Here is a recap of the stories that appeared last week at Science-Based Medicine, a multi-author skeptical blog that separates the science from the woo in medicine.  

Luc Montagnier and the Nobel Disease (David Gorski) http://www.sciencebasedmedicine.org/index.php/luc-montagnier-and-the-nobel-disease/ Nobel Disease is an affliction where Nobel laureates embrace crankery or pseudoscience in their later years. Several examples are provided, including the latest victim Luc Montagnier, who has delved into homeopathy and who is now claiming that autistic children have DNA sequences that emit radio waves from bacteria, justifying long-term antibiotics.  

The Forerunners of EBM (Harriet Hall) http://www.sciencebasedmedicine.org/index.php/the-forerunners-of-ebm/ A medical history book by Ulrich Tröhler shows that the concept of evidence-based medicine is older than most people realize, dating back to the 1500s. It explains the mindset of the time that made doctors so slow to adopt the scientific method and shows how scientific medical thinking gradually evolved.  

Quackery Then and Now (Steven Novella) http://www.sciencebasedmedicine.org/index.php/quackery-then-and-now/ A 1912 article about quackery was recently republished in the Journal of the American Medical Association (JAMA), showing that little has changed in the last century. The control of quackery requires public education and effective regulation: little progress has been made and the same arguments and proposed fixes keep recurring.  

How do we avoid harming the elderly with prescription drugs? (Scott Gavura) http://www.sciencebasedmedicine.org/index.php/how-do-we-avoid-harming-the-elderly-with-prescription-drugs/ Effective drugs can cause harm as well as benefit, and the elderly are particularly susceptible due to multiple prescriptions and the physiologic changes with aging. Lists of drugs that are potentially inappropriate for anyone over the age of 65 have been published. Prescribing for the elderly can be significantly improved.  
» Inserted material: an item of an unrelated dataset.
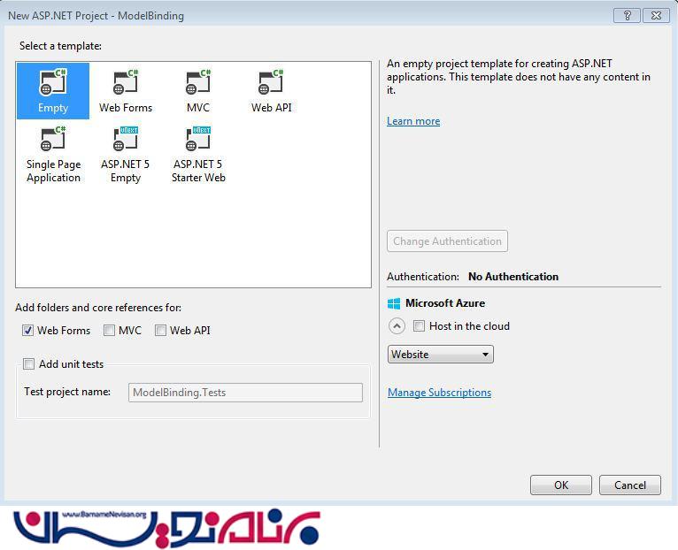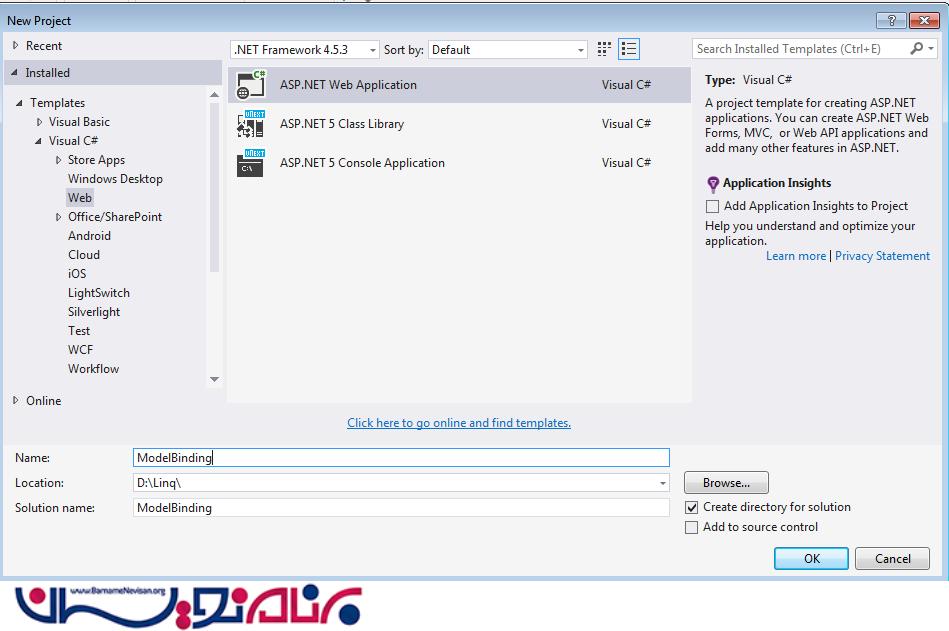 گزینه asp.net web application را انتخاب کنید

Foolishness or Fraud? Bogus Science at NCCAM (Ben Kavoussi) http://www.sciencebasedmedicine.org/index.php/foolishness-or-fraud-bogus-science-at-nccam/ Dr. Josephine Briggs, the Director of the National Center for Complementary and Alternative Medicine (NCCAM), has appeared to support CAM beyond the evidence, even saying that acupuncture is useful because something meaningful is taking place outside the treatment itself. Now she has made a statement that “the evidence is not there” for alternative medicine. Has she had a meaningful enlightenment, or will NCCAM continue to waste taxpayer money studying highly improbable treatments?